#### [What is being asked]
Copy every record word for word. Pictures are not part of the copy.

#### [Supplied material]
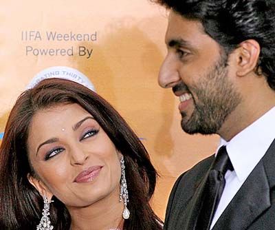 Bollywood star Aishwarya Rai listens to husband Abhishek Bachchan give an interview at the IIFA awards at the Hallam FM Arena in Sheffield, England.
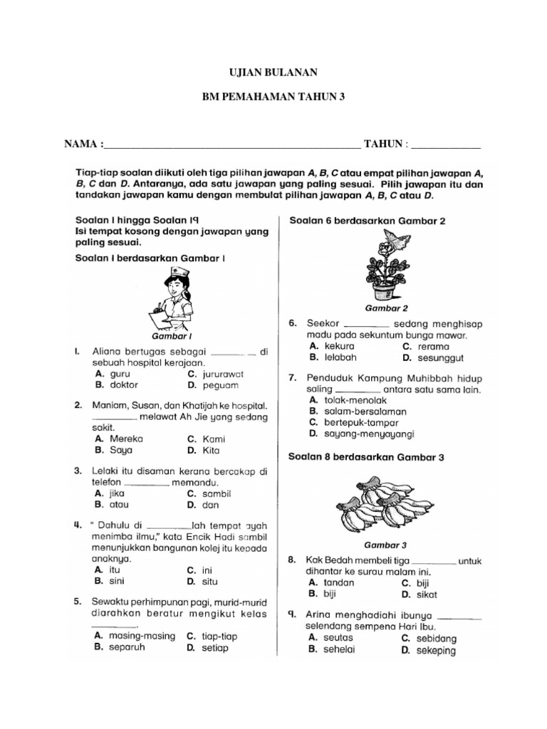 Soalan Bm Bahasa Melayu Pemahaman Tahun 1 K6nqgxde024w
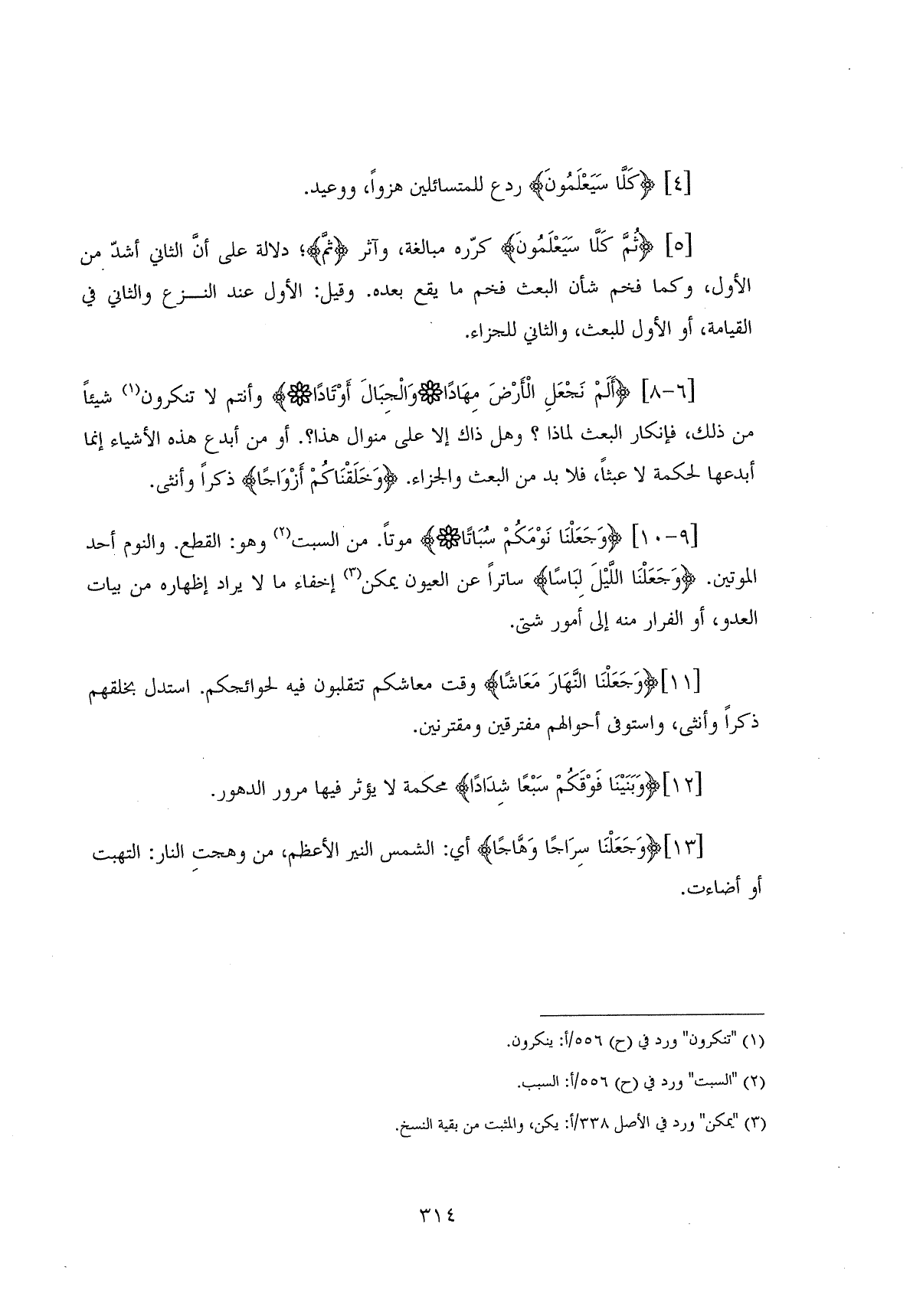 (وَجَعَلْنَا نَوْمَكُمْ سُبَاتًا (9) موتاً. منْ السبت وهو: القطع. والنوم أحد الموتين. (وَجَعَلْنَا اللَّيْلَ لِبَاسًا (10) ساتراً عن العيون يمكن إخفاء ما لا يراد إظهاره من بيات العدو، أو الفرار منه إلى أمور شتى.
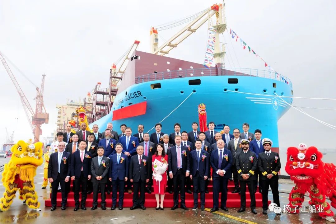 5月31日上午,我集团新扬子造船向船东日本LEPTA交付一艘3500TEU集装箱船“MAERSK GLACIER”轮。
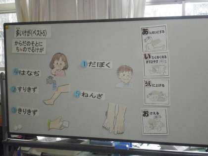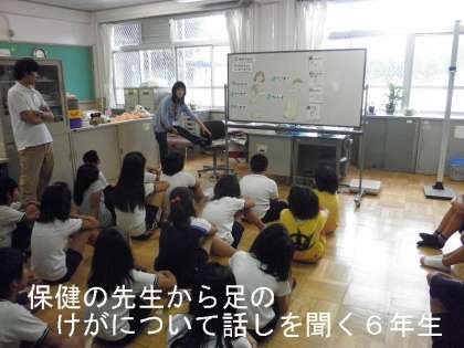 身体計測の前に,保健室の先生から,学校で起こる「けが」について予防策などの話を聞きました。

#### [Response to this exercise]
 Bollywood star Aishwarya Rai listens to husband Abhishek Bachchan give an interview at the IIFA awards at the Hallam FM Arena in Sheffield, England.
 Soalan Bm Bahasa Melayu Pemahaman Tahun 1 K6nqgxde024w
 (وَجَعَلْنَا نَوْمَكُمْ سُبَاتًا (9) موتاً. منْ السبت وهو: القطع. والنوم أحد الموتين. (وَجَعَلْنَا اللَّيْلَ لِبَاسًا (10) ساتراً عن العيون يمكن إخفاء ما لا يراد إظهاره من بيات العدو، أو الفرار منه إلى أمور شتى.
 5月31日上午,我集团新扬子造船向船东日本LEPTA交付一艘3500TEU集装箱船“MAERSK GLACIER”轮。
 身体計測の前に,保健室の先生から,学校で起こる「けが」について予防策などの話を聞きました。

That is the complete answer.